“T.S. Eliot ha scritto: «I vecchi dovrebbero essere esploratori»; per me questo significa: segui la curiosità, indaga idee importanti, rischia la trasgressione (…) Per vedere la forza del carattere a distanza ravvicinata, dobbiamo lasciarci coinvolgere senza riserve negli eventi dell’invecchiare. E questo richiede, oltre che curiosità, anche coraggio. Per «coraggio» intendo la forza di abbandonare le idee vecchie per abbandonarsi alle idee strane, attuando uno slittamento del significato e dell’importanza degli eventi che temiamo.
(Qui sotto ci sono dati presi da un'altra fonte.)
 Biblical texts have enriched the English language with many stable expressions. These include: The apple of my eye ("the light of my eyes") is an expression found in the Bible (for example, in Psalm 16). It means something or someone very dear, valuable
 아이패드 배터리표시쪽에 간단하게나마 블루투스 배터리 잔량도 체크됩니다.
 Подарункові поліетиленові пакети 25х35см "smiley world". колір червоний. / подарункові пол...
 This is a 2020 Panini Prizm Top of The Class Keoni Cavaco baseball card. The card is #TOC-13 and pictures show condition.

Intendo il coraggio di essere curiosi. La curiosità è una delle grandi pulsioni del genere umano e forse della vita animale in genere; è quel desiderio di esplorare il mondo che spinge la scimmia e il topo a uscire dalla tana per le loro rischiose avventure.” (…)
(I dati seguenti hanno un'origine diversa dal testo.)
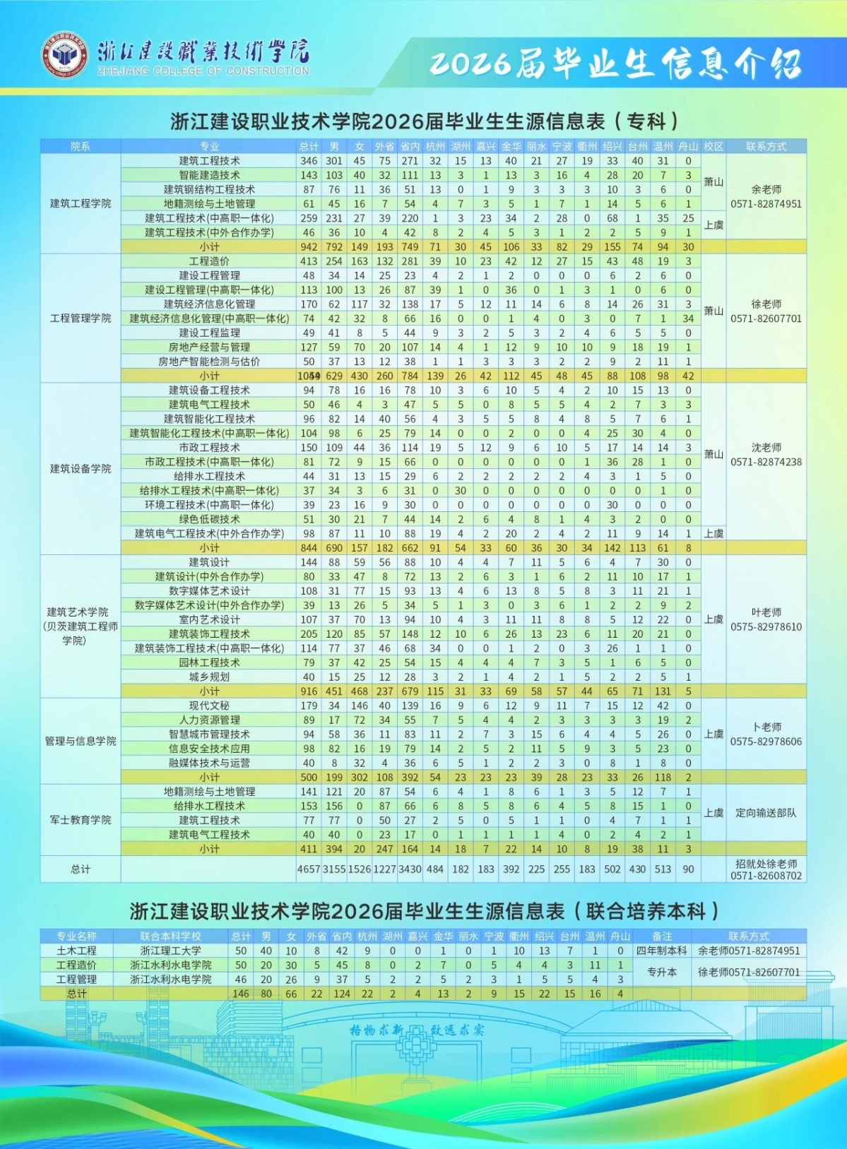 尊敬的用人单位: 衷心感谢贵单位长期以来对我校就业工作的关心与支持! 秋季是高校毕业生求职关键期,为更好搭建高校毕业生与用人单位之间的供需对接平台,满足用人单位的引才需求,促进毕业生更高质量充分就业,我校将举办2025年秋季校园招聘会,诚挚邀请贵单位莅临参会,广纳贤才!具体事宜通知如下: 一、组织单位 指导单位:浙江省住房和城乡建设厅 主办单位:浙江省职业介绍服务指导中心、杭州市就业管理服务中心、杭州市人才管理服务中心 承办单位:浙江建设职业技术学院 二、时间与地点 时间:2025年11月6日(星期四)13:00-16:00 地点:浙江建设职业技术学院杭州萧山校区体育馆(萧山区学知路151号) 三、参会对象 2026届毕业生及往届未就业毕业生,有招聘需求的用人单位。 四、报名方式 登录浙江建设职业技术学院就业网(https://jyw.zjjs.edu.cn)完成企业注册,上传企业营业执照扫描件,进入大型招聘会页面,填写参会相关内容(已注册企业可直接登录大型校园招聘会页面填写)。审核通过后将通过短信或邮件发送参会确认。 报名截止时间为即日起至2025年10月31日。 五、参会说明 (一)费用提供。免收展位费,提供一桌两椅及饮用水,其余费用自理。用人单位如遇特殊情况需取消或改期,请提前3个工作日告知。 (二)宣传材料。请自备展架或纸质材料(含单位简介、招聘职位、薪资待遇及岗位要求等),并在指定展位设摊。 (三)交通提示。校内停车位有限,建议绿色出行(杭州地铁19号线耕文路站出站步行约800米)。 (四)招聘规范。禁止发布虚假、传销或歧视性信息,违者取消参会资格;仅限本单位直接用人需求,不得为其他单位代为招聘;请妥善保管学生应聘材料,严禁泄露学生信息。 六、联系方式 招聘会咨询:秦老师 0571-82608702 用人单位QQ群:361563232 二级学院对接: 建筑工程学院 余老师 0571-82874951 工程管理学院 徐老师 0571-82607701 建筑设备学院 沈老师 0571-82874238 建筑艺术学院 王老师 0575-82978610 管理与信息学院 卜老师 0575-88978606 校园地图 |
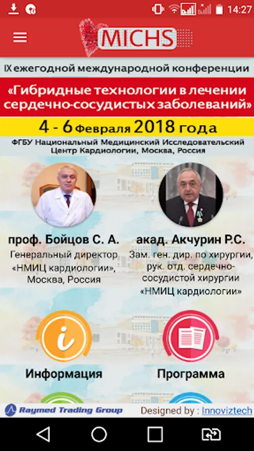 MICHS-2018 - IX Annual International Conference "The hybrid technology in the treatment of cardiovascular disease", 4 - 6 February 2018 in the Federal State Organization "NATIONAL MEDICAL RESEARCH CENTER OF CARDIOLOGY" of the Russian Federation Ministry of Health, Moscow, Russian Federation.
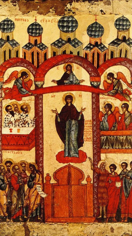 Prema predanju, tokom svenoćno bdenja u Bogorodičinoj crkvi Vlaherne u Carigradu, kojoj je prisustvovao i Sveti Andrej Jurodivi sa svojim učenikom, Andrej je ugledao Presvetu Bogorodicu sa rasprostrtim omoforom iznad ljudi u crkvi. Kako je zapisano, Bogorodica je tom odećom pokrivala narod.

La curiosità inquisitiva per la vita altrui estende la nostra vita. Non sto parlando di servizi di volontariato; ma dell’arte di ascoltare. L’altro è una fonte di linfa vitale, che trasfonde vitalità nella tua anima, se, prestandogli orecchio, riesci a provocarlo a uscire. Annusa nel sottobosco, fruga tra i piccoli scandali, cerca ghiotti bocconcini di pettegolezzi piccanti che stuzzicano l’appetito per la vita brulicante intorno a te: la curiosità allenta i cordoni angusti delle preoccupazioni private, personali. Il movimento all’indietro, all’ingiù e all’infuori estende la vita oltre i suoi confini e la libera dall’attaccamento all’identità personale, libera il carattere da quell’incontentabile bulletto che è il mio «io».
Più riesci a protenderti all’indietro, nel passato storico, e all’ingiù, verso ciò che è dopo di te e in basso, e all’infuori, verso l’altro da te, e più la tua vita si estende. La longevità si libera della capsula temporale. Questa è la vera longevità, un durare di più che dura per sempre, perché non c’è capolinea”.(…)
Il carattere è caratteri; la nostra natura è una complessità pluralistica, una trama multifasica e polisemica, un fascio, un groviglio, una cartelletta piena di fogli. Ecco perché ci serve una vecchiaia lunga: per sbrogliare i fili e trovare i bandoli.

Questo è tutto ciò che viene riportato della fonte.